Major League Soccer has the opportunity to take the risks. With the ability to sign more than one DP MLS can take some risks. DPs don't need to be the next Beckham, but instead can be solid, good players who contribute on the pitch.

With 3 DPs, a Generation Addidas player and a few solid players within the standard salary structure a passing game can develop and succeed. The beautiful game in America can be beautiful, it can be a mid-major, rather than minor league.

So as Andrew Winner writes for looking at icons

Seattle: Alessandro Nesta. The Milan icon’s experience and guile alongside Jhon Kennedy Hurtado would likely create the best defensive partnership in MLS history. How about Arjen Robben? A do-everything midfielder like the flying Dutchman on the right side would leave acres of space for Steve Zakuani on the left.

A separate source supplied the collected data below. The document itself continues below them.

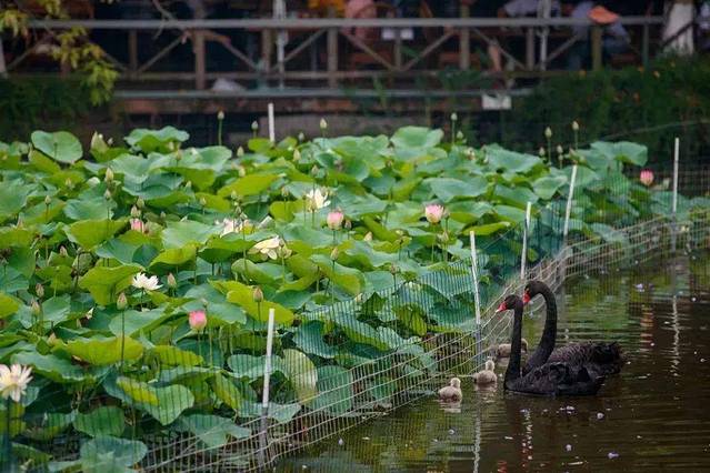 地铁1号线尽头、南三环出发驾车40min就能到,舞月荷花被称为“天府新区最大的荷花景区”。500亩的荷花池塘上,粉白相间的荷花亭亭玉立、绿油油的荷叶静谧生长,在市区内能享受到如此清幽的美景,属实难得。
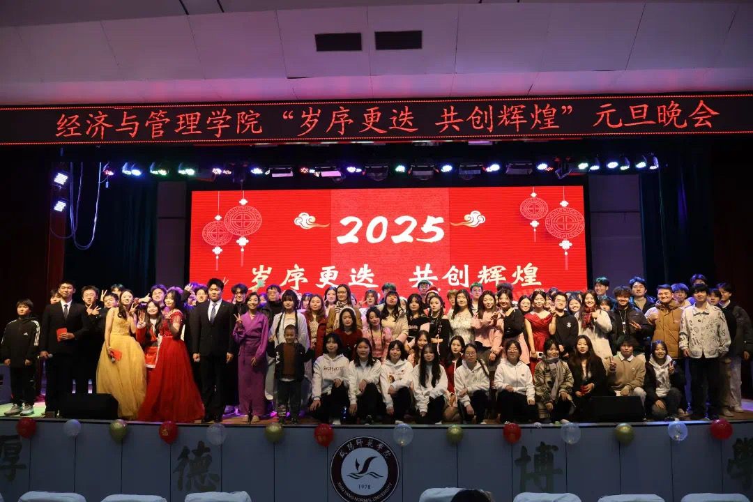 为迎接2025年元旦到来,丰富校园文化生活,12月28日,我院在艺术楼演播厅举办“岁序更迭 共创辉煌”元旦晚会 。
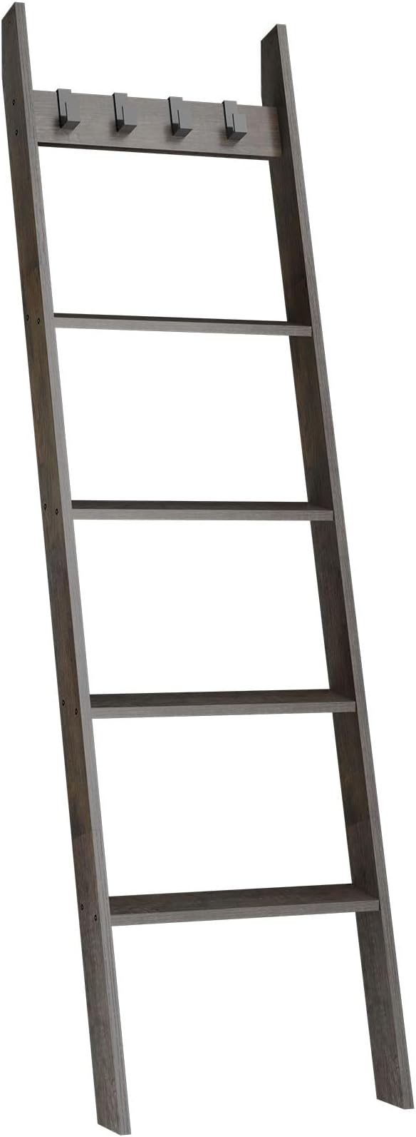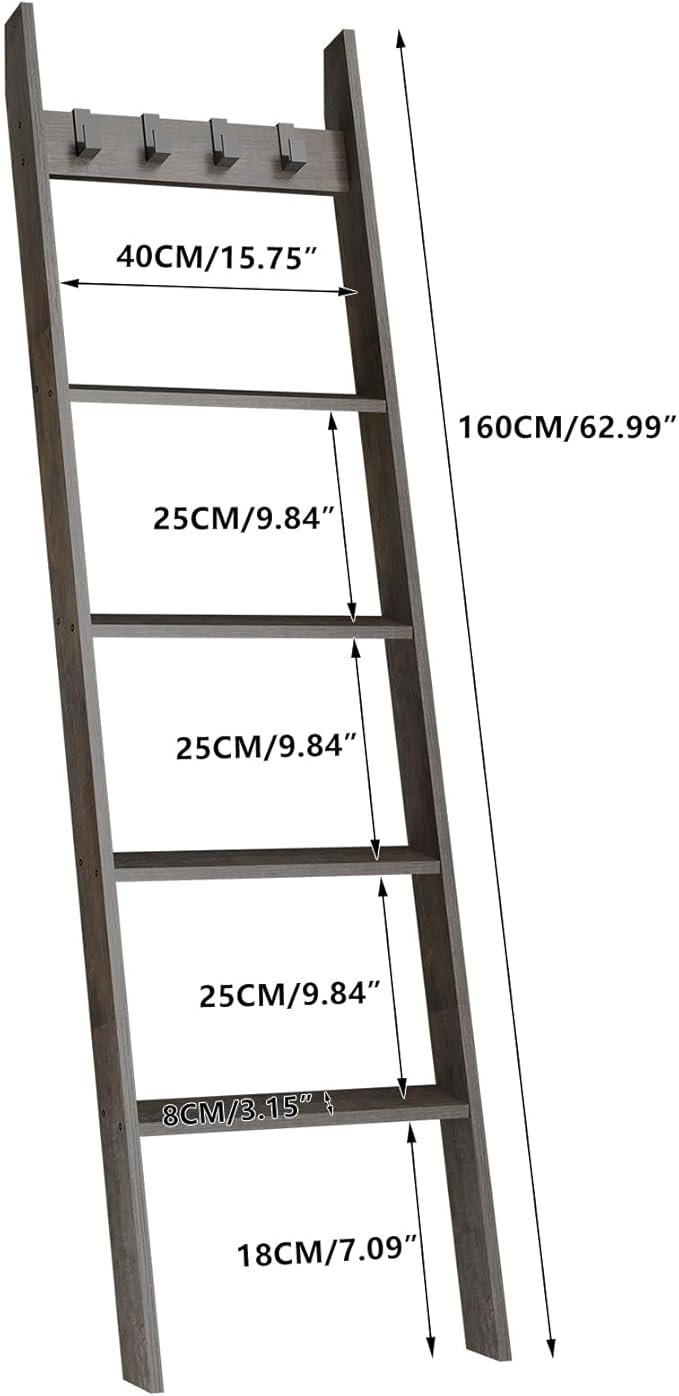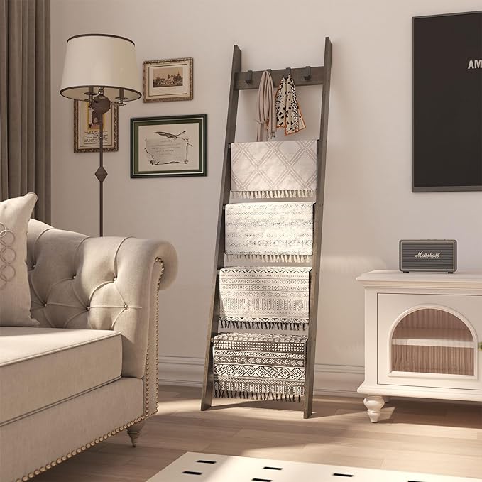 IBUYKE 5-Tier Blanket Ladder Shelf,Ladder Rack for Storage and Decor,Wooden Blanket Holder with Hooks,Easy Assembly for Bedroom,Rustic Brown TTR006G
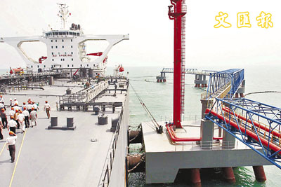 ■「巨無霸」諾神號油輪進靠洋浦海南煉化30萬噸級原油碼頭。 本報海南傳真

Maybe bring Michael Bradley back to MLS. A two-way midfielder would free Freddie Ljungberg and Fredy Montero from their defensive duties. -- Andrew Winner

It may be better to just look at good players who fit a team's needs. In the old era there were only 16 DPs possible in 2010, now there are up to 48. That math should change the type of DP, not just the number. It shouldn't matter if they are a 2M$ player, or just a 750k$. If they make the team better, that is key. Let the General Managers, and Sporting Directors, pick players based on skill. Let the marketers than market the talent.

Just one last reminder, though no MLS team with a DP has won the MLS Cup, let's remember that a team with a DP was more likely to make the Playoffs than one without a DP.